Disable multimodal cache for generation backends that support it.

generate_stage2_caption

bool

False

Enable a second‑pass caption for refinement.

stage2_prompt_text

str | None

None

Custom prompt for stage‑2 caption refinement.

verbose

bool

False

Emit additional logs during generation.

Table 28 Caption enhancement parameters#

Parameter

Type

Default

Description

model_dir

str

"models/qwen"

Directory for language‑model weights; downloaded per node if missing.

model_variant

{“qwen”}

"qwen"

Language‑model variant.

prompt_variant

{“default”, “av-surveillance”}

"default"

Built‑in enhancement prompt when prompt_text is not provided.

prompt_text

str | None

None

Custom enhancement prompt. When set, overrides prompt_variant.

model_batch_size

int

128

Batch size for enhancement generation.

fp8

bool

False

Use FP8 weights when available.

max_output_tokens

int

512

Maximum number of tokens to generate per enhanced caption.

verbose

bool

False

Emit additional logs during enhancement.

Preview Generation#

Generate lightweight .webp previews for each caption window to support review and QA workflows. A dedicated PreviewStage reads per-window mp4 bytes and encodes WebP using ffmpeg.

Preview Parameters#

  • target_fps (default 1.0): Target frames per second for preview generation.

  • target_height (default 240): Output height. Width auto-scales to preserve aspect ratio.

  • compression_level (range 0–6, default 6): WebP compression level. 0 is lossless; higher values reduce size with lower quality.

  • quality (range 0–100, default 50): WebP quality. Higher values increase quality and size.

  • num_cpus_per_worker (default 4.0): Number of CPU threads mapped to ffmpeg -threads.

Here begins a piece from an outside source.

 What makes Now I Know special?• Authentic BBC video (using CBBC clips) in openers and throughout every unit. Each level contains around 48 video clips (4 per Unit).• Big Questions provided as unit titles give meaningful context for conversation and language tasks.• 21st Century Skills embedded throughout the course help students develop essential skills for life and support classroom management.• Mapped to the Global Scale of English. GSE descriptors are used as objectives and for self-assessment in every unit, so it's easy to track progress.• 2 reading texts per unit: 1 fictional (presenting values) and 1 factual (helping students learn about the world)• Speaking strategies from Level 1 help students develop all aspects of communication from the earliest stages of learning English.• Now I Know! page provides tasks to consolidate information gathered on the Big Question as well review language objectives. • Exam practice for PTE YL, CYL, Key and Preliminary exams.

  • verbose (default False): Emit more logs.

Behavior notes:

  • If the input frame rate is lower than target_fps or the input height is lower than target_height, the stage logs a warning and preview quality can degrade.

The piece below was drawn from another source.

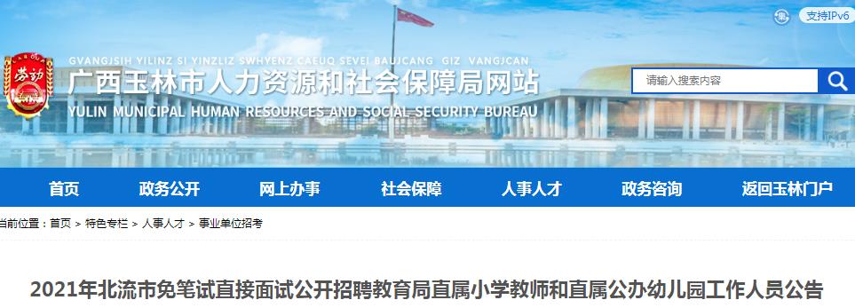 北流市教育局在玉林市人力资源和社会保障局网站发布面试公告。
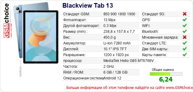 Данные о телефоне Blackview Tab 13 на Вашем сайте

  • If ffmpeg fails, the stage logs the error and skips assigning preview bytes for that window.

Example: Configure PreviewStage#

from nemo_curator.stages.video.preview.preview import PreviewStage

preview = PreviewStage(
    target_fps=1.0,
    target_height=240,
    compression_level=6,
    quality=50,
    num_cpus_per_worker=4.0,
    verbose=False,
)

Outputs#

The stage writes .webp files under the previews/ directory that ClipWriterStage manages. Use the helper to resolve the path:

from nemo_curator.stages.video.io.clip_writer import ClipWriterStage
previews_dir = ClipWriterStage.get_output_path_previews("/outputs")

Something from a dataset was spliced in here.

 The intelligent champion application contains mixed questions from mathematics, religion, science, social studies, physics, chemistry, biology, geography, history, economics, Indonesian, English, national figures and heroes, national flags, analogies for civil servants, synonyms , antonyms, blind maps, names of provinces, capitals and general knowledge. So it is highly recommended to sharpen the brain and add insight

Refer to Save & Export for directory structure and file locations: Save & Export.

Requirements and Troubleshooting#

  • ffmpeg with WebP (libwebp) support must be available in the environment.

  • If you observe warnings about low frame rate or height, consider lowering target_fps or target_height to better match inputs.

  • On encoding errors, check logs for the ffmpeg command and output to diagnose missing encoders.